■ Excerpted data
——————

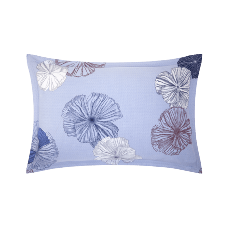 Um azul-celeste estival suave, é composto por uma miríade de pontilhados, tingido de azul escuro e granada. Uma composição fresca e contemporânea, atraindo todos os olhares.
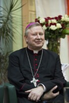 Gdańsk Osowa. Uroczystość nadania imienia Stefana Banacha Gimnazjum nr 33 i XXIV Liceum Ogólnokształcącemu, czyli Zespołowi Szkół Ogólnokształcących nr 2. Nz. Biskup pomocniczy Archidiecezji Gdańskiej Wiesław Szlachetka
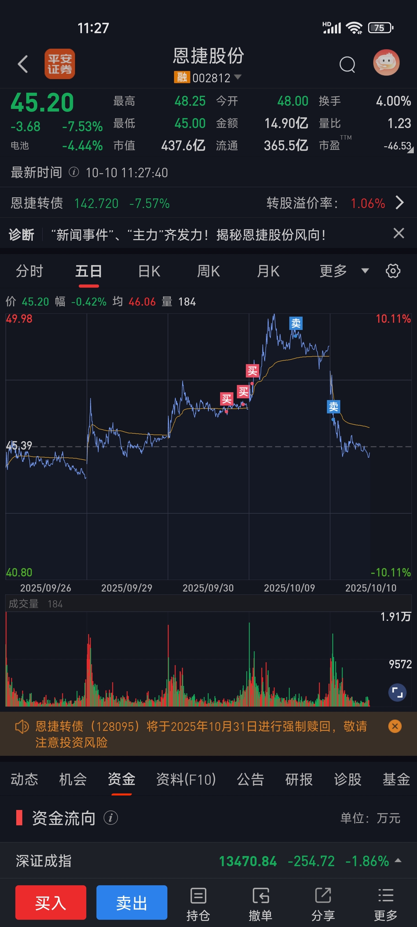 $恩捷股份(SZ002812)$ 瀑布杀,差点把盈利吐没了,还好昨天卖出一半
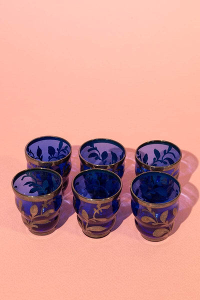 Hand painted with silver on cobalt blue glass in delicate floral patterns, it includes a carafe with a lid, and six shot glasses.
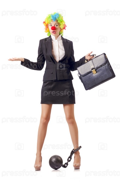 Женщина-клоун в деловом костюме
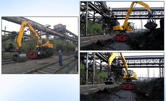 雙動(dòng)力抓料機(jī)助力火車卸煤(其他散料)
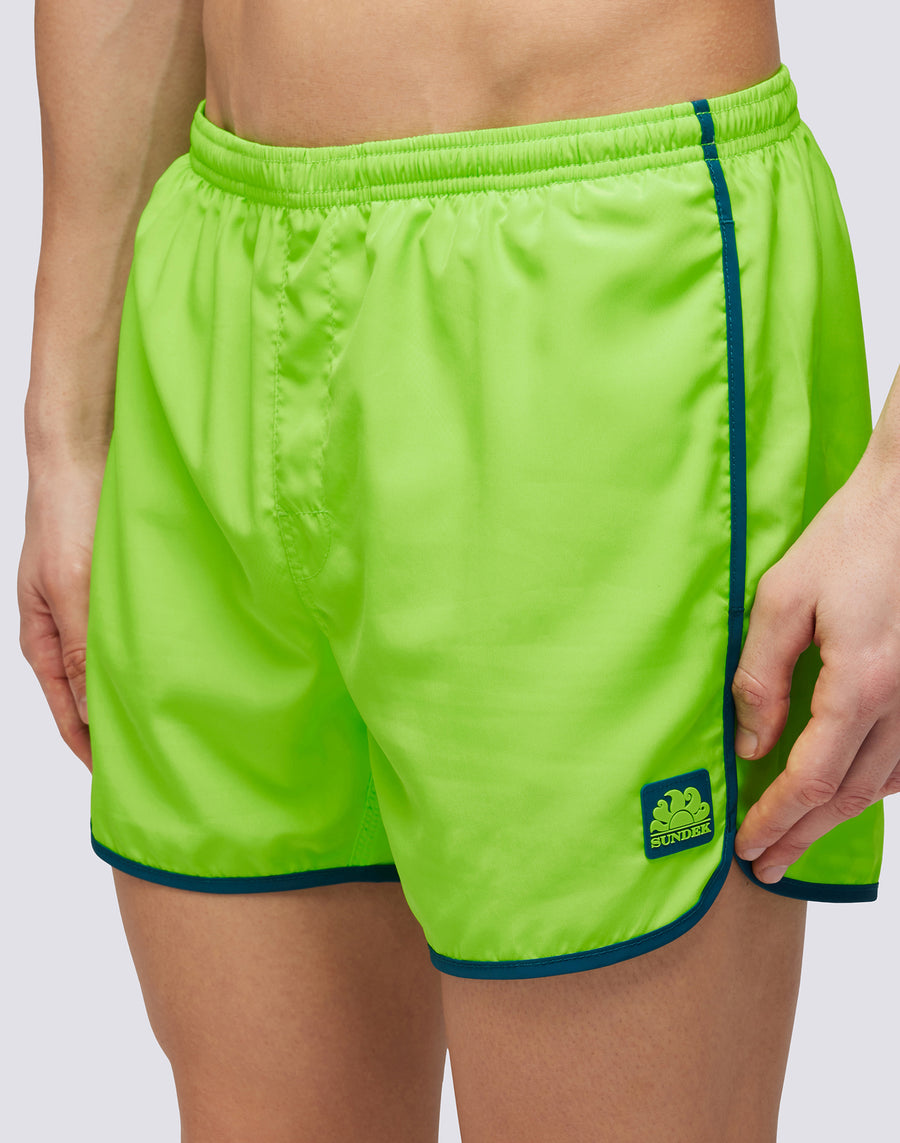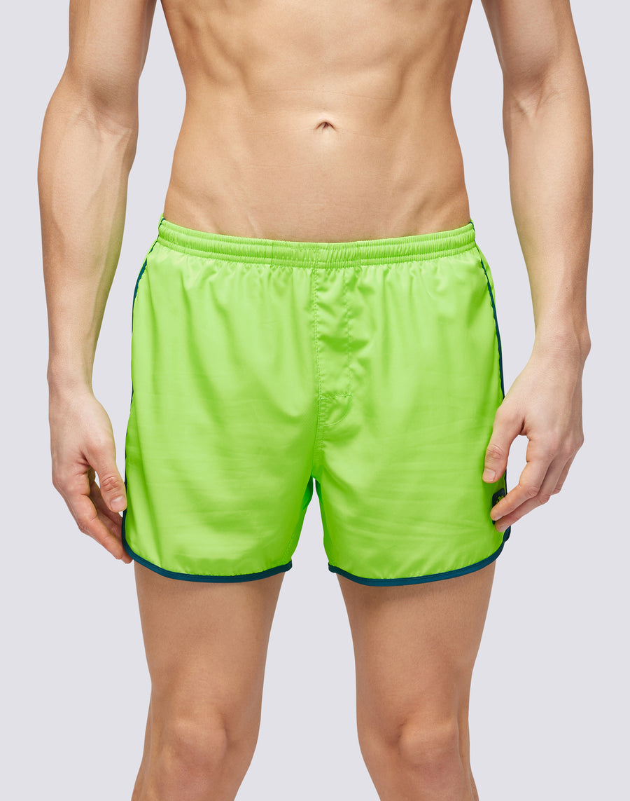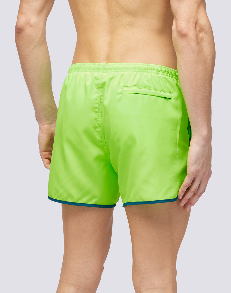 Costume a pantaloncino da uomo corto con vita elasticata, realizzato in poliestere leggero. Dotato di spacchetti laterali arrotondati. Lunghezza esterno coscia 13”/33 CM (taglia M).
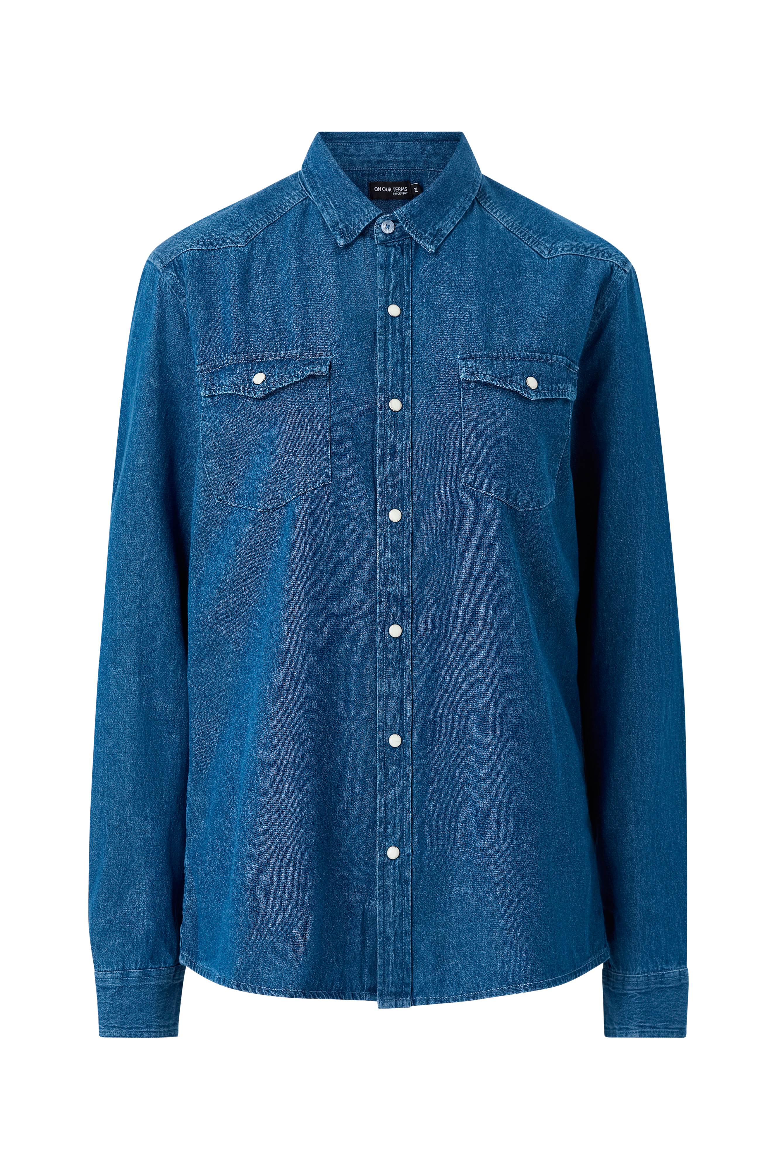 • Litt tynnere denimskjorte i bomull• Trykknapper foran• Brystlommer med lokk• Avrundet hem
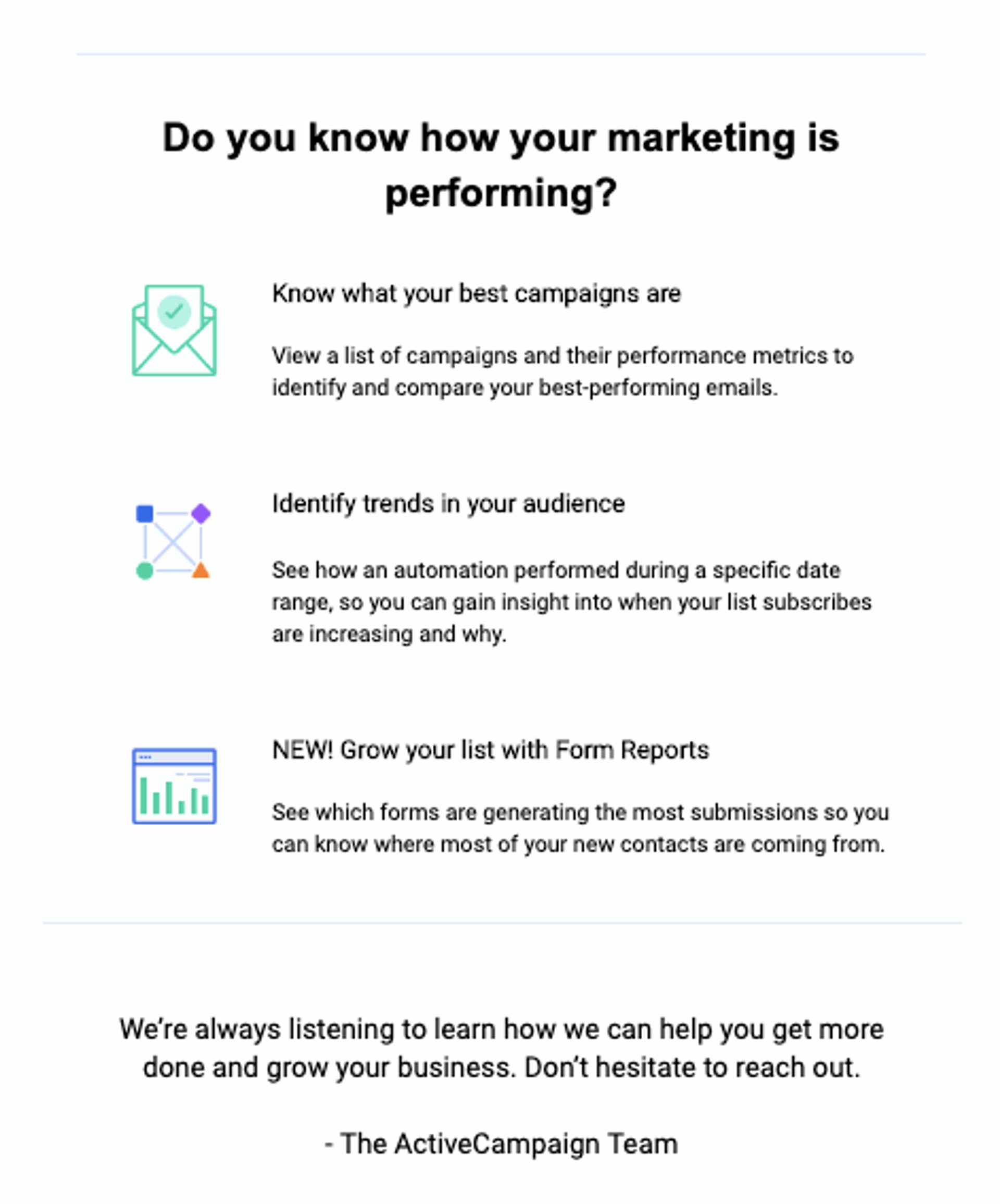 Say someone visits your website and signs up for your list, but hasn’t made a purchase. A product update email can show your leads exactly what they get when they become a customer.
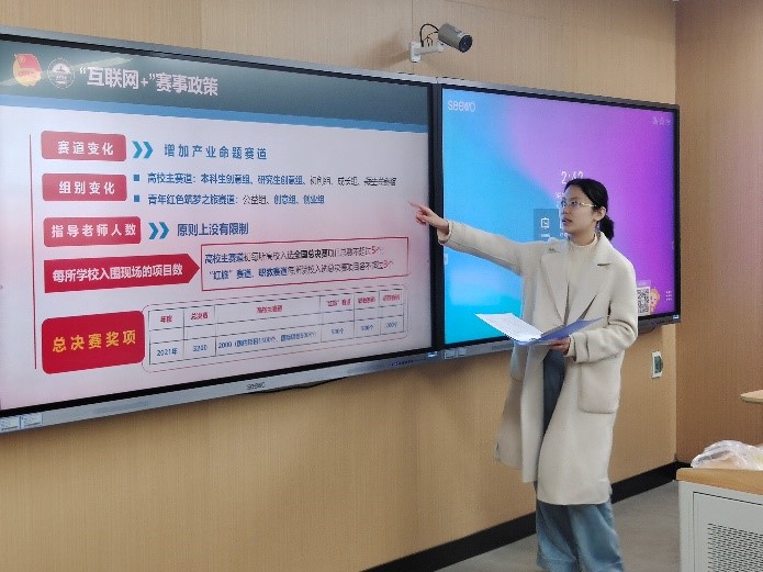 会议开始,Bsports必一体育科创竞赛宣讲团成员华以纯进行“互联网+”大赛的介绍。她讲述了该大赛各参赛赛道的参赛要求,以及今年参赛赛道作出的相关调整,通过对往年的数据进行分析,华以纯同学向大家展示了往届优秀项目取得的成果,鼓励学院师生积极备赛,踊跃参加。
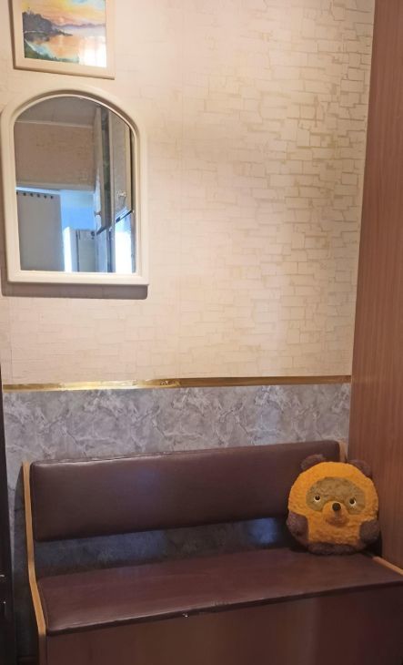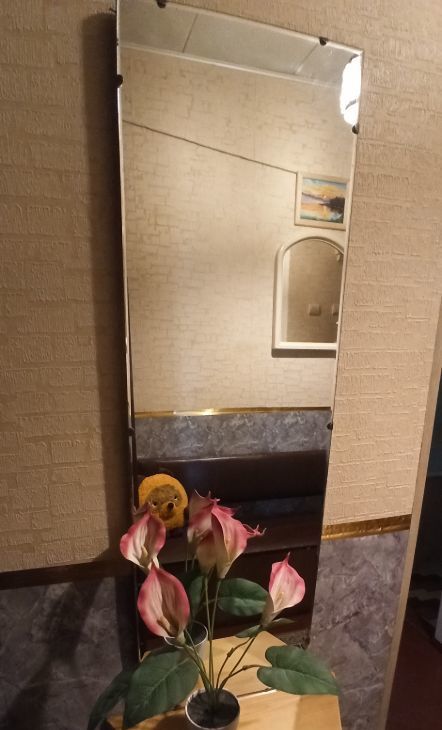 В прихожей большое и маленькое зеркало, диван-лавка, домофон трубка и через приложение.
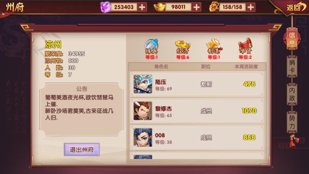 1、每周1早上5点-周四早上5点,州府内所有成员上报自己的武将供州府调用。可以增加州府繁荣度,也可以增加自己的活跃度。
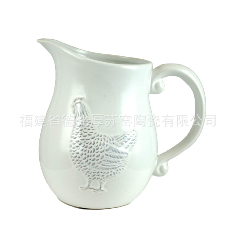 レリーフ雄鶏陶磁器冷水筒輸出田園風レリーフ雄鶏クリームポットコーヒーポット輸出対外貿易
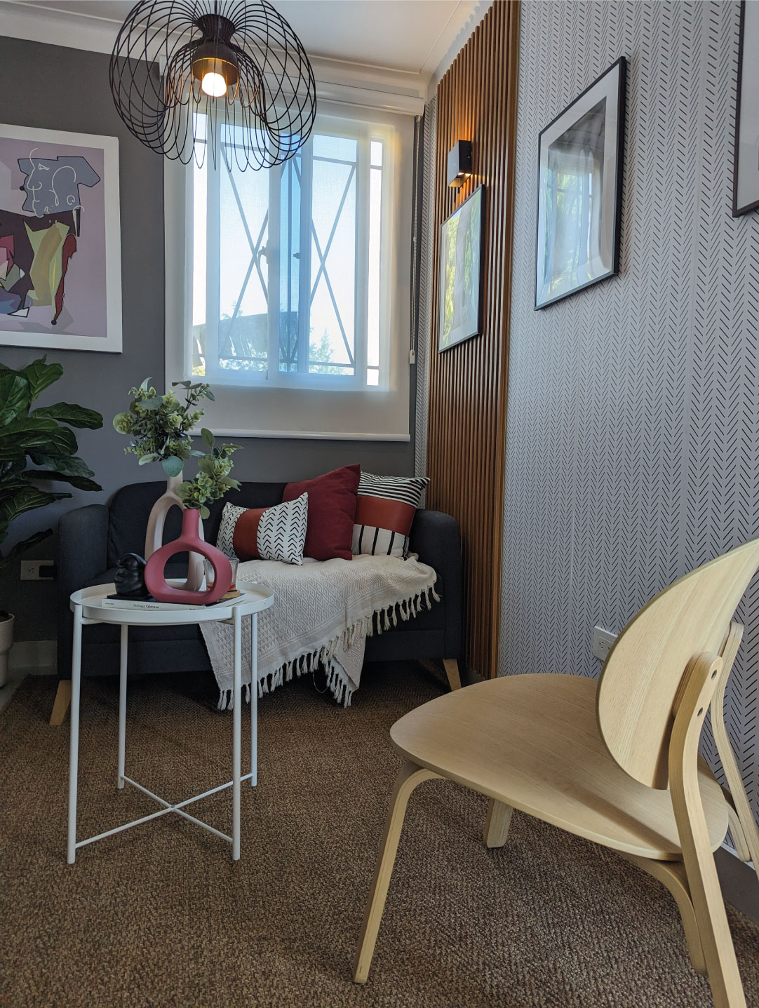 Por esto el uso del negro, blanco y gris para los elementos más fuertes y como pop of color(estallido de color) utilizamos una obra de Mario José Ángeles que nos permitió tener un statement piece(pieza imponente) y a partir de ahí colocar elementos con colores acorde a este, logrando así un contraste pero manteniendo la armonía del espacio.
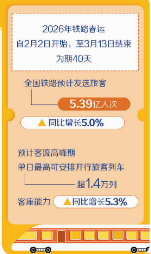 2026年鐵路春運(yùn)自2月2日開(kāi)始,至3月13日結(jié)束,為期40天,全國(guó)鐵路預(yù)計(jì)發(fā)送旅客5.39億人次、同比增長(zhǎng)5.0%,節(jié)前客流高峰日預(yù)計(jì)為2月13日(農(nóng)歷臘月廿六),節(jié)后客流高峰日預(yù)計(jì)為2月23日(農(nóng)歷正月初七)。
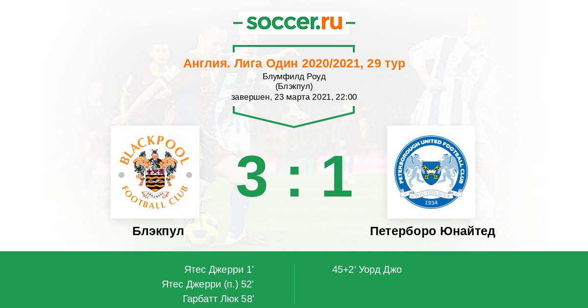 Протокол матча Блэкпул против Петерборо Юнайтед

——————

■ Your objective
From the first line to the last, repeat the material exactly, but drop the pictures.

■ Expected answer
 Um azul-celeste estival suave, é composto por uma miríade de pontilhados, tingido de azul escuro e granada. Uma composição fresca e contemporânea, atraindo todos os olhares.
 Gdańsk Osowa. Uroczystość nadania imienia Stefana Banacha Gimnazjum nr 33 i XXIV Liceum Ogólnokształcącemu, czyli Zespołowi Szkół Ogólnokształcących nr 2. Nz. Biskup pomocniczy Archidiecezji Gdańskiej Wiesław Szlachetka
 $恩捷股份(SZ002812)$ 瀑布杀,差点把盈利吐没了,还好昨天卖出一半
 Hand painted with silver on cobalt blue glass in delicate floral patterns, it includes a carafe with a lid, and six shot glasses.
 Женщина-клоун в деловом костюме
 雙動(dòng)力抓料機(jī)助力火車卸煤(其他散料)
 Costume a pantaloncino da uomo corto con vita elasticata, realizzato in poliestere leggero. Dotato di spacchetti laterali arrotondati. Lunghezza esterno coscia 13”/33 CM (taglia M).
 • Litt tynnere denimskjorte i bomull• Trykknapper foran• Brystlommer med lokk• Avrundet hem
 Say someone visits your website and signs up for your list, but hasn’t made a purchase. A product update email can show your leads exactly what they get when they become a customer.
 会议开始,Bsports必一体育科创竞赛宣讲团成员华以纯进行“互联网+”大赛的介绍。她讲述了该大赛各参赛赛道的参赛要求,以及今年参赛赛道作出的相关调整,通过对往年的数据进行分析,华以纯同学向大家展示了往届优秀项目取得的成果,鼓励学院师生积极备赛,踊跃参加。
 В прихожей большое и маленькое зеркало, диван-лавка, домофон трубка и через приложение.
 1、每周1早上5点-周四早上5点,州府内所有成员上报自己的武将供州府调用。可以增加州府繁荣度,也可以增加自己的活跃度。
 レリーフ雄鶏陶磁器冷水筒輸出田園風レリーフ雄鶏クリームポットコーヒーポット輸出対外貿易
 Por esto el uso del negro, blanco y gris para los elementos más fuertes y como pop of color(estallido de color) utilizamos una obra de Mario José Ángeles que nos permitió tener un statement piece(pieza imponente) y a partir de ahí colocar elementos con colores acorde a este, logrando así un contraste pero manteniendo la armonía del espacio.
 2026年鐵路春運(yùn)自2月2日開(kāi)始,至3月13日結(jié)束,為期40天,全國(guó)鐵路預(yù)計(jì)發(fā)送旅客5.39億人次、同比增長(zhǎng)5.0%,節(jié)前客流高峰日預(yù)計(jì)為2月13日(農(nóng)歷臘月廿六),節(jié)后客流高峰日預(yù)計(jì)為2月23日(農(nóng)歷正月初七)。
 Протокол матча Блэкпул против Петерборо Юнайтед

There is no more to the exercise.